Virginia Willcock grew up in Perth, Western Australia, and became fascinated by wine as a teenager when her father bought a small vineyard near the city. Seeing the joy wine brought them and their friends, she decided this was the career for her. She has been chief winemaker at Vasse Felix, the first commercial vineyard planted in her home state’s Margaret River, since 2006

What’s your ‘last supper’ wine? 
I know I’m not meant to pick my own wine, but it has to be a magnum of Vasse Felix’s 2013 Tom Cullity. It was the first vintage of this wine, which is named after our founder, who planted the first commercial vines in Margaret River. I was presented with a magnum on my 10th anniversary here, and it was the most poignant moment of my career. I don’t know how I earned the privilege of making such a beautiful wine from those original vines, but when you’re about to die, you want to celebrate your own life, right? And that’s my proudest moment.
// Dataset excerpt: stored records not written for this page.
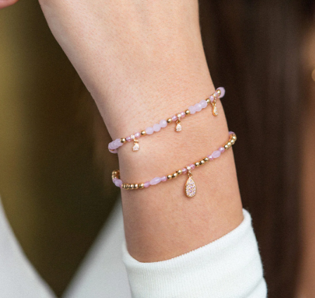 Bracciale elastico con filo di palline d'argento alternate a zirconi rosa a pietre miste rosa e tripla goccia pendente. Pavè di zirconi total pink.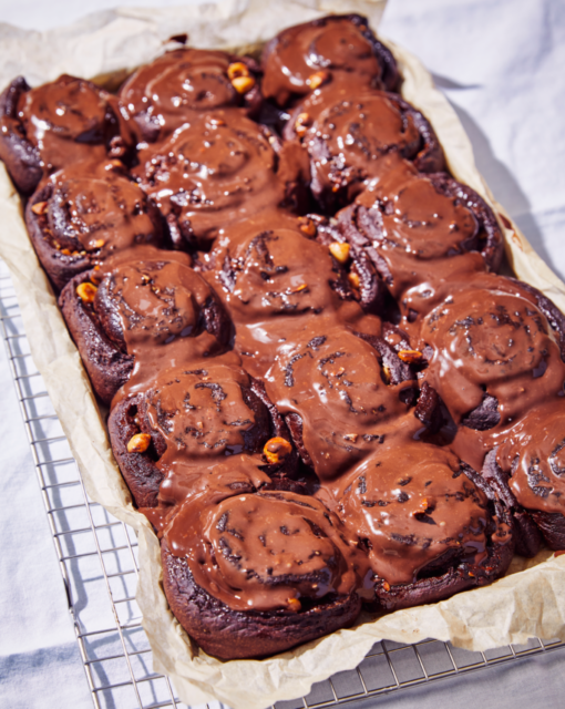 Smelt de chocolade in de room en giet over de rolls als ze nog warm zijn. Smeer open. Laat wat afkoelen en serveer best lauw. Of warm ze opnieuw op in de oven of microgolf.
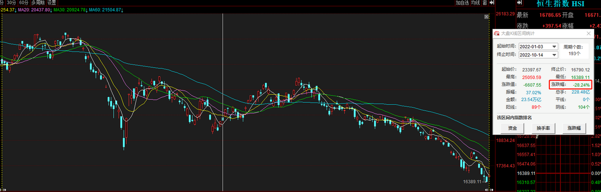 今年来,恒生指数累计下跌超25%。截至2022年10月14日收盘,恒生指数距离2011年10月4日的十一年来最低点16170.35点仅差424.39点。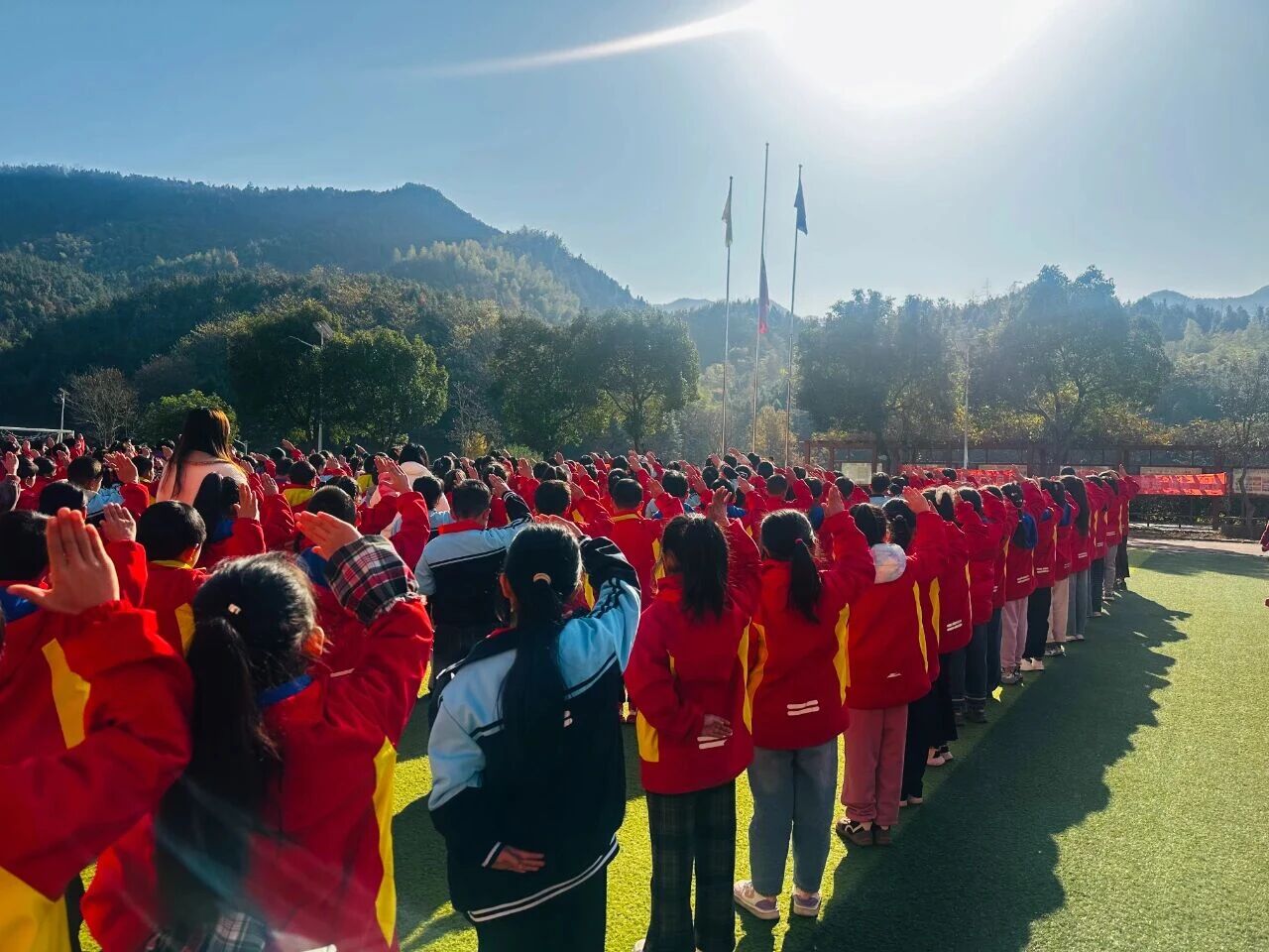升旗仪式上,学生代表以《普法与心,守法于行》为题发表国旗下讲话,呼吁全体同学将宪法精神内化于心、外化于行。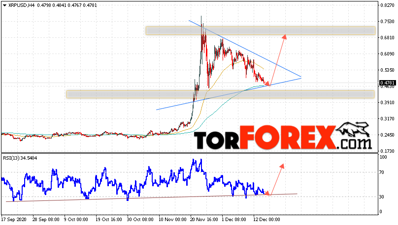 Таким образом, Криптовалюта XRP прогноз курса на 16 декабря 2020 предполагает попытку теста уровня поддержки вблизи области 0.4615. Откуда стоит ожидать продолжения роста криптовалюты с потенциальной целью на уровне 0.6825. Дополнительным сигналом в пользу подъёма Ripple выступит тест линии тренда на индикаторе относительной силы. Отменой варианта роста котировок станет падение и пробой области 0.4055. В этом случае стоит ожидать продолжения развития снижения по цифровой валюте с целью ниже 0.3525.

Where’s your dream vineyard? 
I don’t know enough about the soils anywhere else to say for certain, but I’d love to grow Nebbiolo and I don’t believe in making it in Australia, so I’d be very happy to work in the hills of Piedmont with some funky, beautiful dirt and a truffle farm next door.

Who’s your wine hero? 
Can I have two? The first is Steve Pannell, who was my best mate when we were studying at Roseworthy College, and very much a big brother to me, keeping me on the straight and narrow. We love the same wines, and all his wines are about succulence, beauty and finesse – he doesn’t make anything that I don’t love. He’s just the most ‘zen’ guy in wine.

The other would be Andrew Caillard MW. He’s an Englishman who is more passionate about Australian wine than most Aussies – as seen in his amazing book, The Australian Ark. Anyone who is committed to that sort of research into a country’s wine and history deserves huge respect. He gets very angry when he hears people saying how Australia is a shallow wine nation. Plus he has a way of swearing that somehow sounds polite and considered, not offensive. Maybe that’s a British thing. 
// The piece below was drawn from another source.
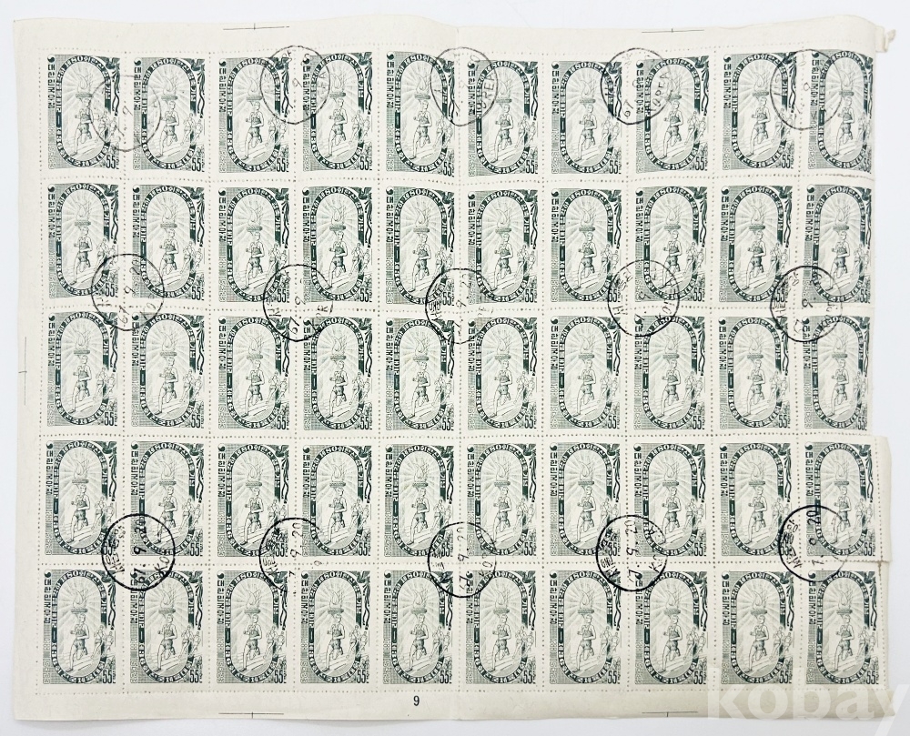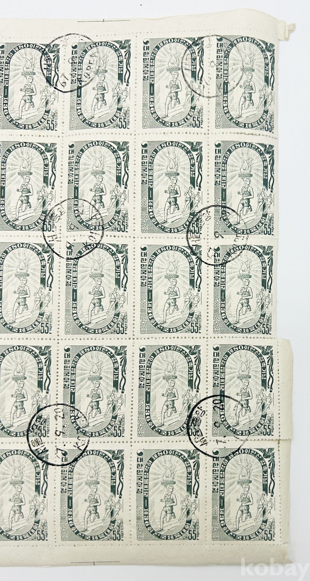 상품 설명 | 1955년 이승만 대통령 제80회 탄신경축기념과 제36회 전국체육대회를 기념하여 발행한 55환 우표이다. 사용제(주문소인), 1967.9.20. | ||

What’s the next big thing in wine?  
Wines with less oak intervention and more vineyard precision. The varieties I work with most – Cabernet Sauvignon and Chardonnay – are very oak-influenced, where the best vineyards always get the best oak. But what if grapes from the best vineyards were only aged in the most elegant vessels, allowing the purity of the site to shine through? You don’t see enough of that. That way you could get to see the beauty of the greatest vineyards of the world, rather than the winemaking. 
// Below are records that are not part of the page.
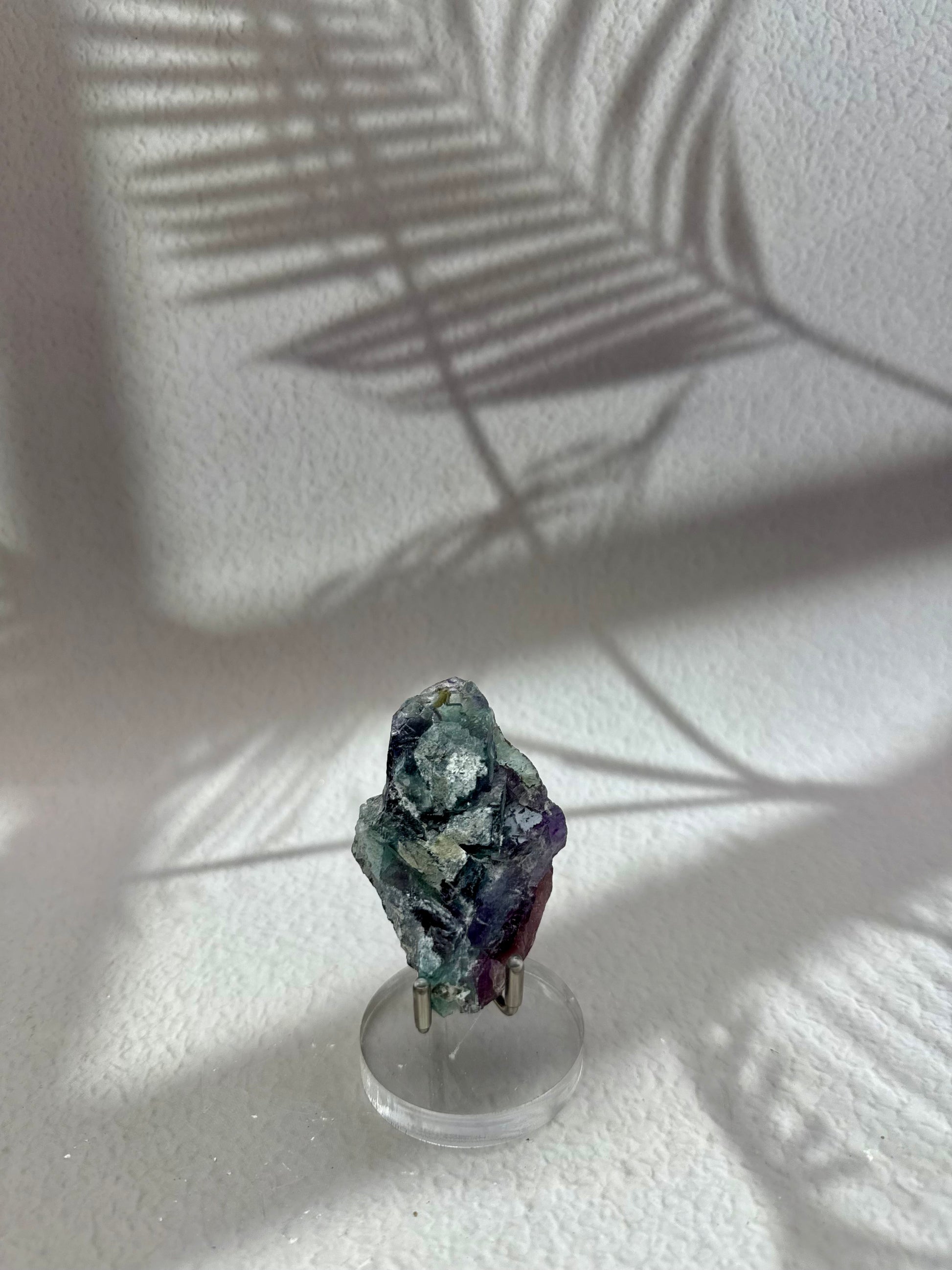 Dieses naturbelassene Fluorit-Rohstück zeigt eine wunderschöne Kombination aus violetten und grünen Farbtönen. Die sanften Farbverläufe und die natürliche Kristallstruktur machen jedes Stück zu einem einzigartigen Naturstein. Durch seine besondere Farbgebung ist dieser Fluorit nicht nur ein dekorativer Blickfang, sondern auch ein beliebter Begleiter für energetische Anwendungen.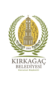 The flag of Kırkağaç (photo) is white with the municipality's emblem in the middle. "KIRKAǦAÇ BELEDİYESİ" means "Kırkağaç Municipality".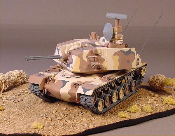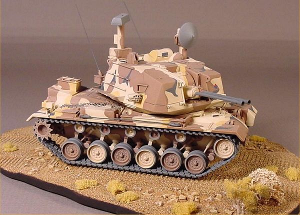 "The 1/72 Sgt. York is an ESCI M-48 A-5 chassis with a scratch-built turret, painted in the "Red Desert" MERDC scheme. I used the TAMIYA 1/35 kit as a guide. The turret is made of Evergreen sheet, bar, tube and rod stock, with brass and aluminum tubing and wire. All paint is HUMBROL, with Poly-S flat finish."

What’s your favourite wine memory? 
For my 50th birthday, my husband had covertly collected a bunch of Barolos and Barbarescos from my birth year, 1968. It was a rubbish vintage pretty much everywhere in Europe, but it was OK in Piedmont, and he got hold of some beauties. Because they were quite old and delicate, we decided we’d have them at the start of the lunch, with charcuterie and breads. I remember a Produttori del Barbaresco being the standout. Then we had a massive porchetta and some top-end white Burgundies – Ponsot and the like. It was an awesome day, and reaffirmed to me to always serve older, delicate reds before whites.